You, the great homesickness we could never shake
off,
you, the forest that always surrounded us,
you, the song we sang in every silence,
you dark net threading through us,
on the day you made us you created yourself,
and we grew sturdy in your sunlight…
Let your hand rest on the rim of Heaven now
And mutely bear the darkness we bring over you.
(from The Book of Hours, I, 25 – trans. Anita Barrows & Joanna Macy, Rilke’s Book of Hourse: Love Poems to God, Riverhead Books, 1996)
Dying is strange and hard
if it is not our death, but a death
that takes us by storm,
when we've ripened none within us.
(from The Book of Hours III; 8 – trans. Anita Barrows & Joanna Macy, Rilke’s Book of Hourse: Love Poems to God, Riverhead Books, 1996)

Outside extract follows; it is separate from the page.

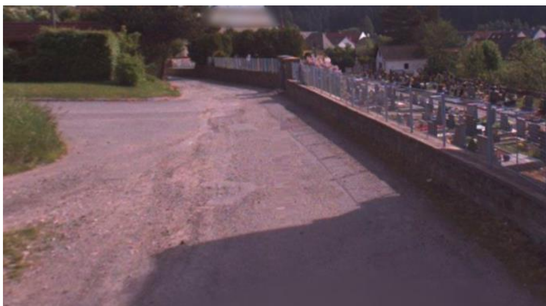
Obr. 5 – ZÚ Panská

This is what the things can teach us:
to fall,
patiently to trust our heaviness.
Even a bird has to do that
before he can fly.
From The Book of Hours II, 16
(Hourse: Love Poems to God, Riverhead Books, 1996)
And from the same book (which is one of my favourites):
The hour is striking so close above me,
so clear and sharp,
that all my senses ring with it.
I feel it now: there’s a power in me
to grasp and give shape to my world.
I know that nothing has ever been real
without my beholding it.
All my becoming has needed me.
My looking ripens things
and they come toward me, to meet and be met.”
And another:
You, darkness, of whom I am born —
I love you more than the flame that limits the world to the circle it illumines and excludes all the rest.
But the darkness embraces everything: shapes and shadows, creatures and me, people, nations — just as they are.
It lets me imagine a great presence stirring beside me.
I believe in the night.
(Here is an interesting blog on the difficulties of translating Rilke, with a number of different interpretations of this poem.
http://www.beyond-the-pale.uk/rilke.htm)
Rediscovering the work of this intense, lyrical, and mystical poet has been one of the greatest joys of my journey in writing THE BEAST’S GARDEN – I hope you will discover some of his work too.